By the time he arrived at MS 19, ten miles to go to I'll Be Good, he had wandered farther down the greasy radio dial. Then, he saw the roadkill.

Damn.

It would take five minutes for him to describe where he was to the nonemergency line; the freight line provided some crossroads, but the landmark itself was sketchy at best, really not one at all. The night was clear, at least. The work, itself, might be swift. It would take five minutes for that nonemergency line clerk to understand why he called. It would take ten minutes for the responder to wake the Animal Control officer out of a
Tonight Show
trance or a nap. It would take about twenty more for a truck to come with the men who would take care of it. It was a lot of work for an animal Bolden had not hunted himself. If it still had a pulse he would have to finish it off.

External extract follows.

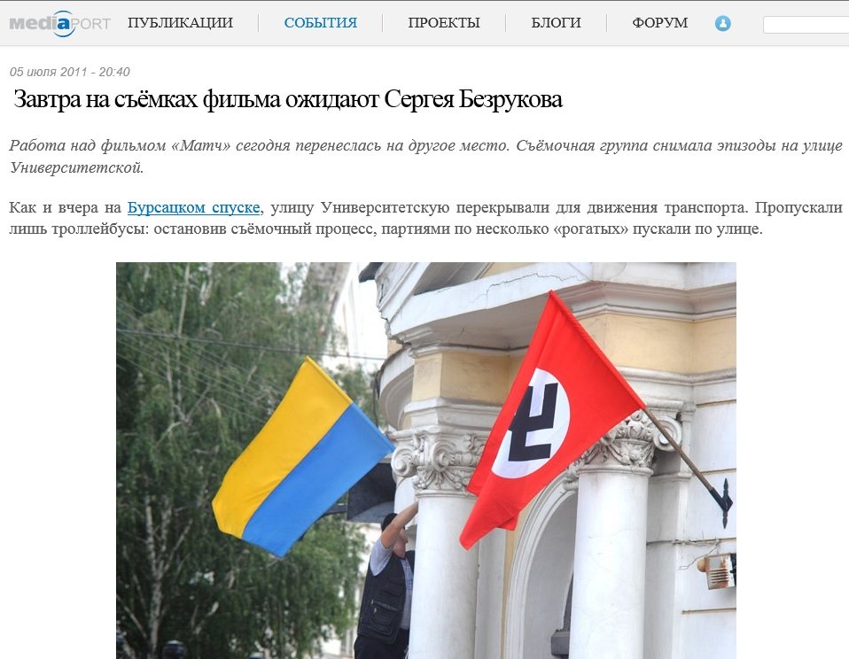 Sin embargo esta foto ya desde hace mucho tiempo «circula» en las redes sociales con diferentes inscripciones. Pero os recordamos que la foto ha sido hecha en el año 2011 en Jarkiv, durante la grabación de una película.

So with all those things considered and the nearest pay phone at least five songs back and his radio putting him right back at work should he use it, Bolden pulled over to handle the matter alone. He kept the headlights on. He remembered he had a few bottles of Guinness to rinse his hands with. He could splatter cologne to get rid of any blood smell. He imagined it would be easier to drag than sling over his shoulders. Before he stooped, he knew it was down and not worth it to check first. It didn't look like a thing that could kick his eye out or pack an interior bruise next to one of his two known ulcers. He walked alongside the grass edge dipped down from runoff of the decades; the tree roots unburied in skinny tangles looking like lady dancer's legs curled wildly around one another.

At just that time Bolden was a few feet away; there was a gentle wind across the plains and a breeze through his receding hairline. An improv of white fabric, dark pigtails, and shredded gray shoelaces danced before him. A finger, or so it appeared, circled around or near or attached to red cloth. He stopped, squinted, tiptoed closer, stopped again, took a breath, and then rushed forward when his fawn tried to get up, a firm palm in the gravel and ankle pointing up. It wasn't a fawn. It was a little girl—black—prostrate in the middle of the road, with a pickle jar of suffocated fireflies in her other palm, her panties exposed and her eyes curled back into their own thinking place. When Bolden put the tip of his black low-rise Doc Marten at the crown of her head, their eyes met.

Neither one knew what to think.

*   *   *

Solemn had her address, down to the nearest milepost, memorized like an Easter speech—enunciated and praiseworthy. The address was just a couple miles away from where Bolden himself had stormed out of, until he ran into the police academy. Down the road, matter of fact. In Bledsoe. Solemn bit down on the temptation to tell the policeman what gripped her to the ground. Or who. Anyway, she was unsure. The quivery but calm cop—beer on his breath—brought her back to her trailer, plastic and drained and silent.

Wrapped up in thanking God, Bev misheard the cop's part about finding her daughter in the middle of the road, waiting to be roadkill.

Redvine ripped open their flimsy door ten minutes later, frenzied, on edge, tense.